The Great War: A Combat History of the First World War by Peter Hart (Oxford University Press, 2013)
Focuses on decisive engagements, problems of the commanders, strategic strengths and weaknesses, changing weapons and tactics, concentrating on Western and Eastern Fronts but also the war at sea and fighting in Mesopotamia and Palestine.

A World Undone: the Story of the Great War, 1914 to 1918 by G.J. Meyer (Delacorte, 2006)
Readable one-volume history with background sub-chapters on side issues such as Lawrence of Arabia, the Serbs, the Armenian genocide, war poetry, etc.

The First World War: A Complete History by Martin Gilbert (Holt, 2002, orig. 1970)
For long, this book by the famous British historian was the basic text source, a chronology of events via individual recollections covering all major fronts.

To End All Wars: A Story of Loyalty and Rebellion, 1914-1918 by Adam Hochschild (Mariner Books, 2001).
An investigative history concentrating on prevailing opinion with a focus on the dissenters in Britain, many of whom went to jail, as well as jingoists and intelligence agents.

The First World War by John Keegan  (Vintage, 2000).  
A military historian, Keegan presents a narrative of the military conflict, assailing the incompetence and ineptitude of the generals.

World War I: The Definitive Visual History by R.G. Grant (DK, 2014).
With illustrated timelines, detailed maps and personal accounts, this book was written by a historian and created by the publisher’s editorial and design team to chart the developments of the war from a global perspective.

Specialty Books

 

Brothers and Strangers: The East European Jew in German and German-Jewish Consciousness by Steven Aschheim (University of Wisconsin Press, 1982, Revised 1999)
Traces the history of German-Jewish attitudes and stereotypical images toward Eastern European Jews and their consequences over the years.

The First World War in the Middle East by Kristian Coates Ulrichsen (Hurst, 2014)
A military and social history of the clash of empires in the Dardanelles, Egypt, Palestine, Mesopotamia, Persia and the Caucasus.

The Russian Origins of the First World War by Sean McMeekin (Penguin, 2011)
Maintains it was a war Russia wanted as a bid for control of the Balkans and Near East.

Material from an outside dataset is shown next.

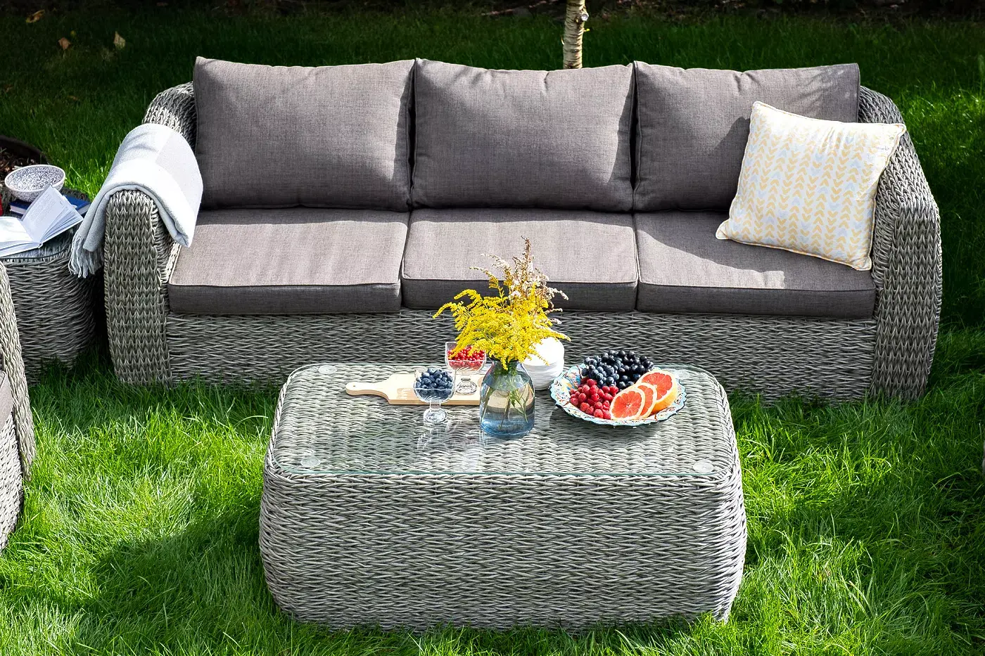 Журнальный столик «Кальяри» используется как в комплекте, так и в качестве отдельного предмета для сада, открытой террасы или балкона.

Ring of Steel: Germany and Austria-Hungary in World War I by Alexander Watson (Basic Books, Oct. 2014).
Retells the war from the perspectives of the instigators and losers, of their leaders and the people, and how the war shattered states and left a poisonous legacy of suffering, race hatred and violence.

Dark Invasion: 1915: Germany’s Secret War and the Hunt for the First Terrorist Cell in America by Howard Blum  (Harper, 2014).
True-life tale of German espionage in U.S. and the NYPD inspector who helped uncover the plot.

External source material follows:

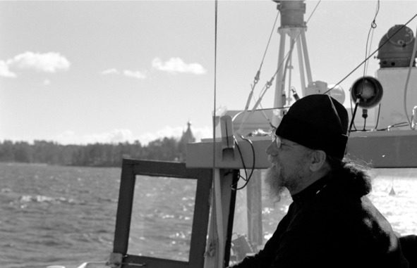 Путь на Валаам. Остров находится в северной части Ладожского озера. Сейчас туда ездят из Сортавалы. Я уже рассказывал об этом пути (см. Том Первый, Место десятое – Коневец) и еще расскажу об острове. На этой фотографии кораблик уже приближается к Валааму, вон видны его церкви. Монах блаженствует. Между прочим, он везет на остров каких-то ребят

The Long Shadow: The Legacies of the Great War in the Twentieth Century by David Reynolds (W.W. Norton, 2014).
Assesses the political, economic and social impact of the war by examining politics, diplomacy, economics, art and literature.

Fear: A Novel of World War I by Gabriel Chevallier (New York Review, 2014).
First published in French in 1930, now translated into English, this has been described as a savagely frank, terrifying novel-memoir.

The Great War and the Origins of Humanitarianism, 1918-1924 by Bruno Cabanes (Cambridge University Press, 2014).
Discusses how a new humanitarian front was born from total war.

The Great War at Sea by Lawrence Sondhaus (Cambridge University Press, 2014).
A major new naval history revealing the decisive contribution of the war at sea to Allied victory.

The Cambridge History of the First World War edited by Jay Winter (Cambridge University Press, 2014)
Three volumes: 1) Global War, covering military history; 2) Political history and how different political systems responded; 3) Civil Society, covering social and cultural history, shifts in gender roles, refugees, minorities, religious beliefs, etc.